La sede del sindacato metalmeccanici di San Paolo è la culla della storia politica dell’ex tornitore che ha perso un dito sotto una pressa, poi ha sfidato la dittatura da leader operaio e molti anni dopo è diventato presidente del suo Paese.
È circondata da militanti con le bandiere rosse, oltre che giornalisti e fotografi. Sono poche migliaia i fedelissimi, non il cordone umano che potrebbe proteggerlo dalla «giustizia ingiusta e serva delle élites», come nella narrativa di parte di questa lunga vicenda giudiziaria. Non le decine di milioni di brasiliani che lo hanno votato in cinque occasioni. Ma in qualche modo la scenografia ottiene il suo scopo: a fronte di una persecuzione c’è un martire rinchiuso in un luogo simbolico di lotta.

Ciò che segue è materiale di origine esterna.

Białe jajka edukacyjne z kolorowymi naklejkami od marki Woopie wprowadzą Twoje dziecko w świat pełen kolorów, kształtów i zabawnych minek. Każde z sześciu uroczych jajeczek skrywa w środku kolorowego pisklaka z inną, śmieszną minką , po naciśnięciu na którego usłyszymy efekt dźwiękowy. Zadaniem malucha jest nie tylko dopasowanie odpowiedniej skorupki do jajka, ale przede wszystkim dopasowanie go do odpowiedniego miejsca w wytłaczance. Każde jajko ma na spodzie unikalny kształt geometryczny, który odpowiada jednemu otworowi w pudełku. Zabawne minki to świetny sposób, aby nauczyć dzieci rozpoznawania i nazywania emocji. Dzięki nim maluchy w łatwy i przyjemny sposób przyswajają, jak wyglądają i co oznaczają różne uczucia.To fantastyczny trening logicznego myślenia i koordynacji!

Lula dunque non si è consegnato spontaneamente entro le 17 ore locali di ieri (le 22 in Italia), come il giudice Sergio Moro gli aveva suggerito. Avrebbe dovuto presentarsi a Curitiba, sede dell’inchiesta giudiziaria che l’ha travolto, e in cambio ottenere un trattamento di favore.

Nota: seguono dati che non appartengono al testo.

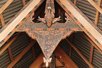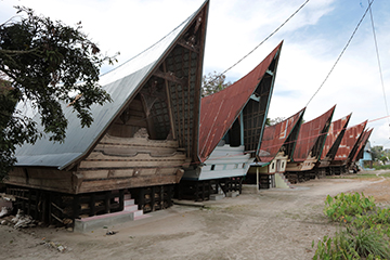 湖畔から道路で繋がるサモシール島へ向かいます。島には先住民族バタック人の文化が残っているといいます。道を進めば、反り返った独特の屋根を持つ高床式の家が目につきました。バタック人の青年が我が伝統の様式だと語り、民族村に案内してくれました。
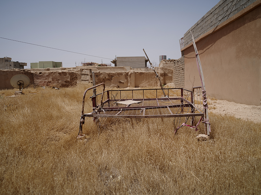 アドルが暮らしていたシンガル山麓のドグレ村の生い茂った庭に取り残されたベッド(2016年7月)©林典子

Niente manette e telecamere, e come cella una specie di ufficio al quarto piano della sede della Polizia federale: 15 metri quadrati, con bagno privato, letto e un tavolo di lavoro. Era un dormitorio per agenti in trasferta, non ci sono sbarre: il giudice Moro ha ammesso l’eccezione in considerazione del ruolo svolto in passato dal leader brasiliano e chiesto alla polizia di preparare una stanza speciale.
Lula prigioniero avrà diritto a due ore d’aria al giorno e una visita di familiari e amici per settimana. Nessun contatto con gli altri detenuti, come il suo ex ministro dell’Economia, Antonio Palocci, o il costruttore che gli aveva regalato il famoso attico al mare, Leo Pinheiro. La pena da scontare è lunga, 12 anni e un mese, anche se sulla durata effettiva della detenzione di Lula fioccano previsioni di ogni tipo. Anche poche settimane, sostiene qualcuno, conoscendo i meandri del sistema giudiziario brasiliano.

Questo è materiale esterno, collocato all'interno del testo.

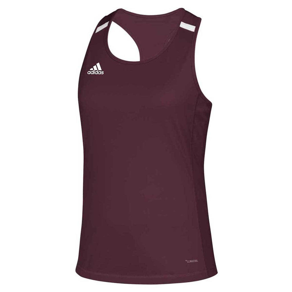 Stay cool in a custom adidas Women's Maroon/White Team 19 Singlet Tank in a variety of color options. Made of recycled polyester double knit body and side panels and engineered mesh back panel, this is the choice for athleisure wear. Whether you are focused on a team event or need a great option for staying fit, this custom logo singlet tank is a must have. For companies committed to better health, these make great employee gifts or uniforms with climacool technology. The adidas iconic logo is on the right chest front with your heat transfer of choice proudly placed across the chest.Highlights

Saputo dell’ordine di arresto, Lula ha scelto di passare la notte tra giovedì e ieri nella sede del sindacato, con amici e avvocati, dormendo poche ore nella stanza della presidenza senza tornare a casa. Poi è cominciata una giornata lunghissima. Un elicottero della tv ronzava sulla palazzina, i manifestanti fuori, i giornalisti in maratone davanti alle telecamere e alcuni momenti curiosi, come l’arrivo di un furgone con casse di birra, carne e sacchi di carbonella, come per ogni «churrasco» (grigliata) che si rispetti. In strada due camion-palco, dai quali militanti del partito e dei movimenti sociali si alternano a parlare per ore e ore, strappando applausi via via più annoiati.
Nel corso della giornata, la polizia concede a Lula di presentarsi, sempre entro le 17, nella sede di San Paolo, da dove poi un aereo l’avrebbe immediatamente portato a Curitiba. Mentre gli avvocati giocavano le ultime disperate carte per trovare un giudice di una istanza più alta in grado di sospendere la detenzione: due le nuove istanze, entrambe respinte.
Passato l’ultimatum, senza alcun segnale che Lula intendesse lasciare la sede del sindacato, la polizia ha fatto sapere di escludere un blitz per andarlo a prendere con la forza. Troppi rischi di scontri con i manifestanti, un eccesso di drammaticità evitabile. Ma la previsione ieri sera era che la consegna fosse ormai imminente, secondo un accordo già raggiunto tra polizia e legali di Lula.